If the scientists were expecting to be treated as heroes, they were disappointed. When the treatment was announced at a conference in San Antonio, Texas, it was greeted with an outcry heard halfway around the world. One ethically complicating factor was that even though most of the children's DNA came from the two parents, the borrowed egg cell's surrounding cytoplasm also contained some of the donor's DNA. Did that mean the children had three parents? The technique was also, as the researchers had feared, seen as being similar to those used in human cloning. The Chinese government promptly squelched the research. The team that performed the work has disbanded.
Despite its image as a haven for far-out medical research, China has actually been more diligent in its legislation than countries like Italy so far.

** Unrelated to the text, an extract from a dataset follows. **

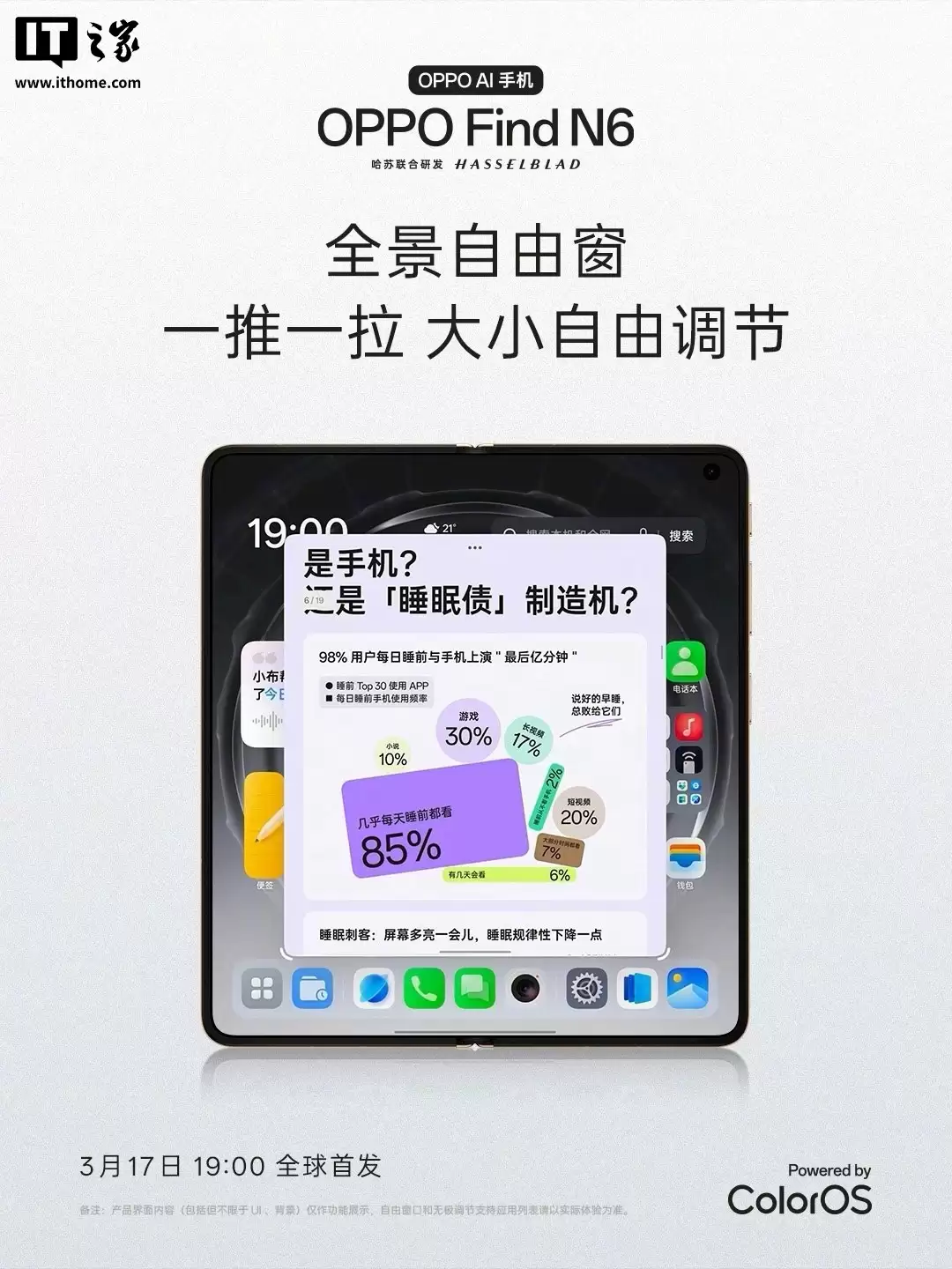 OPPO Find N6 全景自由窗功能首曝:大小自由调、浮窗 / 分屏 / 全屏任意切,3 月 17 日首发
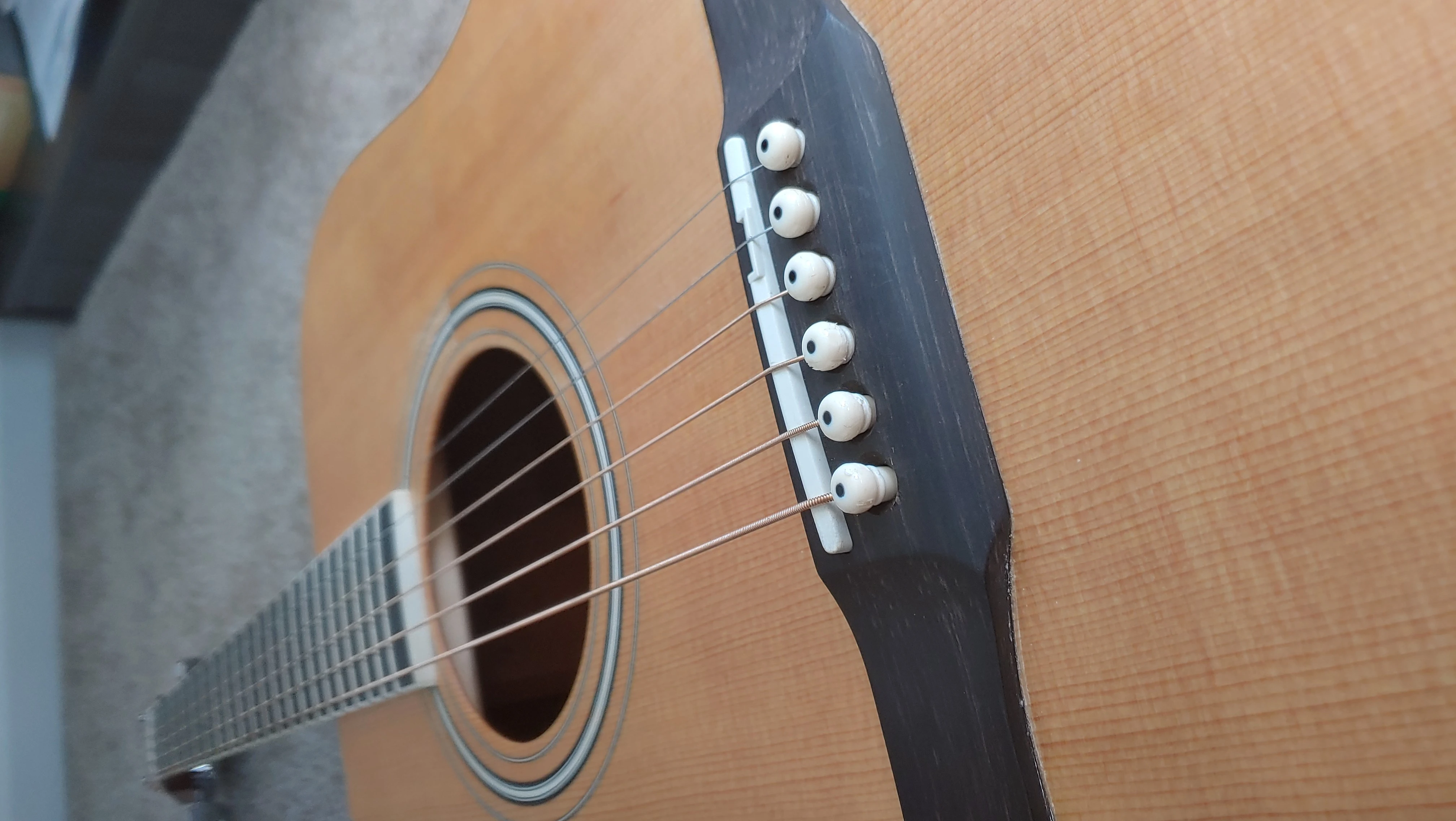 For 39 years, I've only had the 70's Sigma acoustic my dad bought before I was born. I'll admit I was terrible at maintaining it - by terrible I mean I didn't. Ever. Welp finally the tuning mechanism on the D string broke. I tried to drill a nearby hole but was out of room due to some previous attempt (can't remember who) to fix it. I couldn't move it medially too far because then you wouldn't be able to turn the tuning knob, and laterally it was already filled with holes that were too wide and stripped. In addition, the saddle is severely chipped. There are also major intonation issues. A nearby luthier will fix the tuning mechanism and saddle for under $100, but I figured it's time for a new acoustic already. I'll fix and keep the old Sigma for nostalgic reasons, but wanted to get something new for recording.

Two years ago, in the face of proliferating fertility services, Beijing banned surrogacy and payments to egg donors and restricted the number of IVF cycles a clinic can perform. Last fall the authorities moved to ban advertising of infertility treatments and restricted the number of fertilized eggs that can be implanted to two for each woman under 35, and three for each woman over 35. As in India, where it's illegal to use ultrasounds or amniocentesis to determine the sex of babies (for fear that female fetuses will then be aborted), the law is not the problem so much as social attitudes. The gender-selection technology that's most dangerous--one that's skewing sex ratios in Asia's two largest populations--is simple female infanticide.
In a few years there may not be many countries left that perform the latest reproductive techniques. The ones that remain--like Israel, perhaps--may see business boom. Last year the Israeli government tried to cut back on state-supported IVF treatments, to one child per family from two, but backed off in the face of stern opposition. Israel has 30 IVF clinics and produces more scientific papers on fertility per capita than any other country. The Assuta Hospital in Tel Aviv performs almost 4,000 cycles of IVF each year. Because treatments are subsidized by the state and labor costs are rather low, clinics are able to charge overseas patients only about $3,000 a cycle for IVF--a quarter what U.S. clinics charge. In India and South Korea as well, fertility has become a fast-growth export industry. "There's nothing I want more than my own baby," says Helit, a 33-year-old American woman who recently traveled to a Jerusalem hospital for infertility treatment, "and if I have to travel all over the world, I'll do it." No doubt she will not be alone.